Work begins on downhill trail at ski area as other spots open

Poncho leads the way for Christine Pietras on Thursday on a trail on Emerald Mountain. A work session is scheduled for Sunday to help open those Emerald trails still closed, while Steamboat Ski Area is set to open eight of its trails today.
Joel Reichenberger

— An endless spring is finally loosening its grip on the hiking and mountain biking trails across Steamboat Springs, a process that stands to take a huge step Friday when Steamboat Ski Area opens the first stages of its trail system to riders and hikers.

Six trails in the ski mountain’s network will be opened starting at 10 a.m. Friday, joining many other trails in town that have just recently dried out enough to be accessed.

The ski area also said Thursday that work has started on portions of the downhill mountain bike park, the first trail of which could be open in fall.

“We have the master plan back, and it has been approved,” ski area spokeswoman Loryn Kasten said.

Kasten said the brunt of the work on the first planned downhill trail couldn’t begin until after a 45-day waiting period imposed by the U.S. Forest Service. That window was implemented after the governing body approved the ski area’s trails master plan June 10.

Kasten said Gravity Logic, the Whistler, British Columbia-based company tapped to design Steamboat’s trails, has had representatives in town several times recently and hopes to begin work on the trail, mostly on public ground, within five days of the end of the 45-day period, so likely in the third week of July.

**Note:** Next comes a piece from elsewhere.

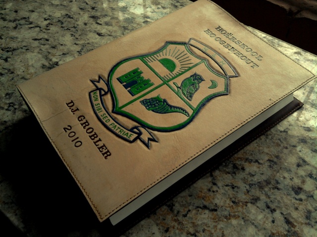 Members Anet du Toit Posted November 19, 2010 Report This is a Bible cover for the headmaster of our local high school. Not my idea for a cover design... Quote

“There’s plenty that can be done up until then,” she said. “Gravity Logic has been in town flagging the trail, and our mountain crews are starting work on the ski-resort-owned land, building a connecting trail, working from the base area up to the Forest Service land so when we get that approval, half the battle’s done.”

More area trails opening

Starting this weekend, there will be plenty in town to keep cyclists busy.

Creekside, Duster, Zig Zag, Valley View, Huffman’s, Yoo Hoo, Sitz and Spur Run are all slated to be available at the mountain and accessible via the gondola.

The remnants of a May landslide have the Thunderhead hiking trail closed and temporarily diverted onto Why Not Road until a detour is created.

Elsewhere in town, trails continue to open.

Much of the trail complex on Emerald Mountain is open and dry, though work continues on several trails, including Blair Witch, Forest Loop and Prayer Flag Field.

Partly to blame for the slow start to the season in those areas is last year’s mountain pine beetle tree mitigation.

“There are no trees there to absorb the water,” Routt County Riders trail coordinator Gretchen Sehler said. “The water is running right down through where the machines ran to cut down the trees.”

A trail workday on Emerald to work to get the rest of the routes open is set for 9 a.m. Sunday. Sehler said about 10 people are needed, and workers can call 970-819-1565 for more information.

City of Steamboat Springs Parks, Open Space and Recreational Services Department supervisor Craig Robinson said that Spring Creek Trail was open all the way but that areas still were frequently getting doused by the intermittent overflow of the creek and that users should avoid treading through.

“We just ask them to use their best judgment,” he said. “Please turn around at muddy or wet spots.”